CMIs with a presence in Singapore should monitor this development as well.
This article was originally published by Alan H. Linning, Susanne J. Harris, Wei Na Sim and Charlene C. L. Wong in the Perspectives & Events section of Mayer Brown’s website and is reproduced with permission.
1 According to the Stock Exchange of Hong Kong, the Hong Kong IPO market has ranked #1 in the world in 7 of the last 12 years, and in 2020 alone, HK$398 billion was raised in the Hong Kong IPO market.
2 According to the Hong Kong Monetary Authority quarterly bulletin dated March 2021, new issuance of Hong Kong dollar debt instruments increased by 16.8% compared with 2019, reaching HK$923 billion.

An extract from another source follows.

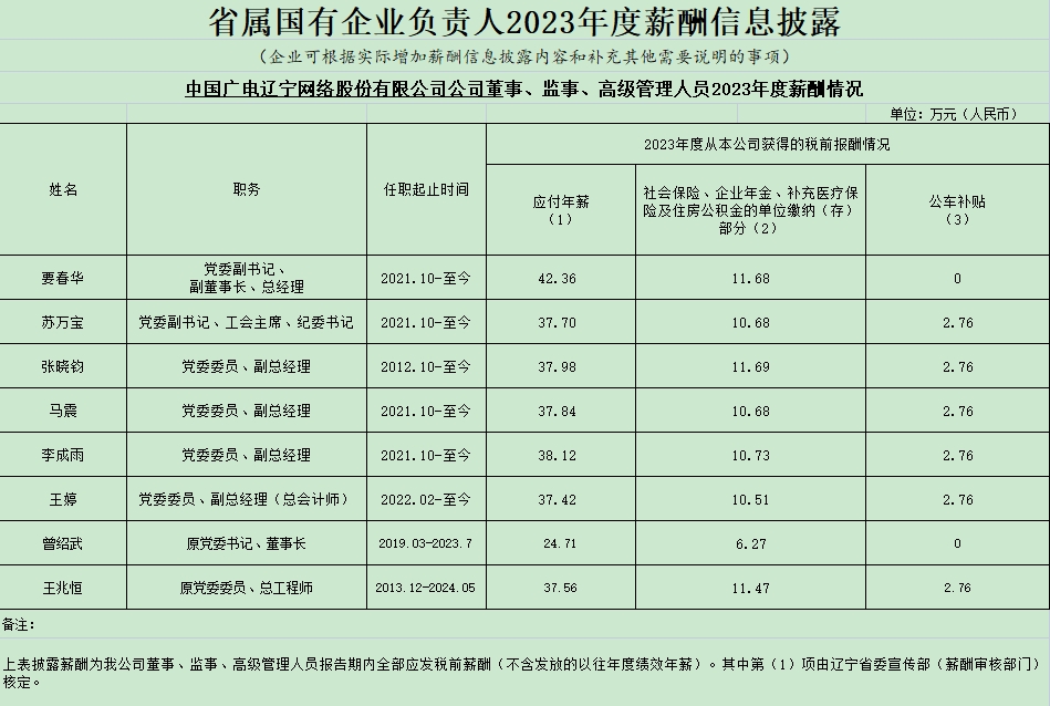 中國廣電遼寧網(wǎng)絡股份有限公司公司董事、監(jiān)事、高級管理人員2023年度薪酬情況
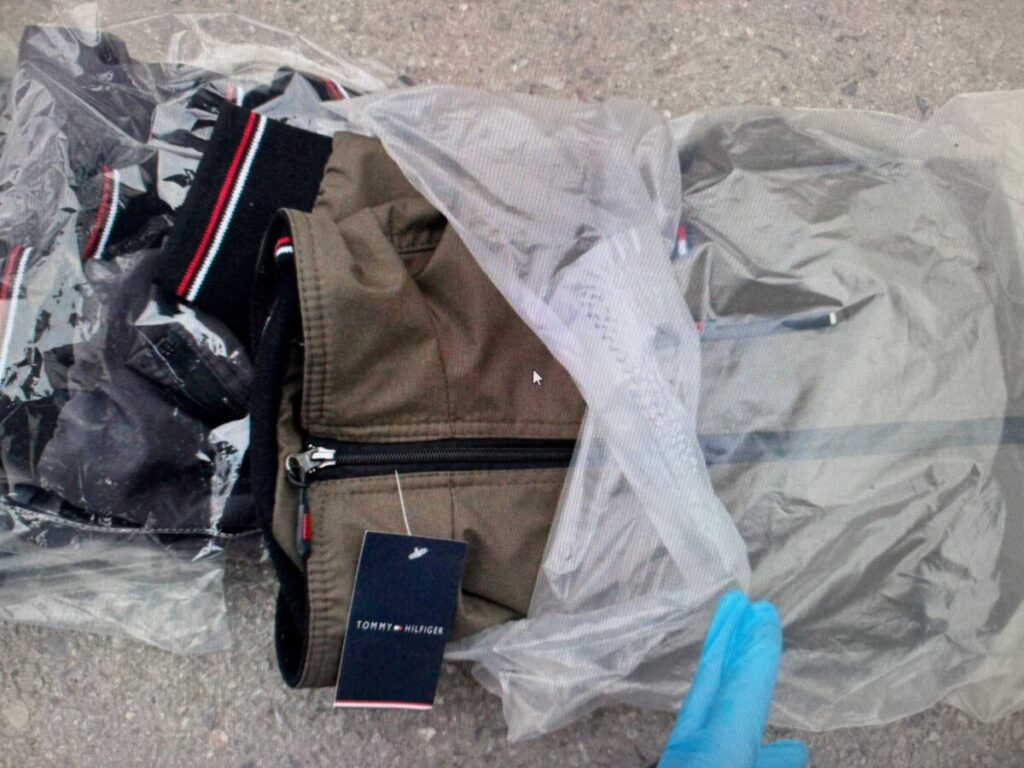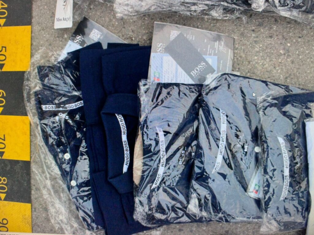 La sediul Poliției Municipiului Câmpulung Moldovenesc, împreună cu un tehnician criminalist, s-a procedat la inventarierea bunurilor. Au fost identificate 72 de articole (tricouri, pantaloni, bluze, treninguri, încălțăminte, geci etc.) purtând mărci înregistrate precum Burberry, Nike, Dior, Adidas, Lacoste, Boss, Tommy Hilfiger, precum și mai multe cutii cu recipiente de parfumuri de mărci cunoscute.

3 Consultation Paper on (i) the Proposed Code of Conduct on Bookbuilding and Placing Activities in Equity Capital Market and Debt Capital Market Transactions and (ii) the “Sponsor Coupling” Proposal dated February 2021 (Consultation Paper), page 11.
4 Code of Conduct, new paragraph 21.1.2
5 Code of Conduct, new paragraph 21.1.1.
6 Consultation Conclusions on (i) the Proposed Code of Conduct on Bookbuilding and Placing Activities in Equity Capital Market and Debt Capital Market Transactions and (ii) the “Sponsor Coupling” Proposal dated October 2021 (Consultation Conclusions), page 7 paragraph 13.
7 Code of Conduct, new paragraphs 21.2.1 and 21.2.2.
8 Code of Conduct, new paragraphs 21.2.3 to 21.2.5.
9 Consultation Conclusions, page 12 paragraph 38.
10 Consultation Conclusions, Annex B footnote 7.
11 Consultation Conclusions, page 22 paragraph 103
12 Code of Conduct, new paragraph 17.1A.
13 Currently known as the ‘Guideline to sponsors, underwriters and placing agents involved in the listing and placing of GEM stocks’.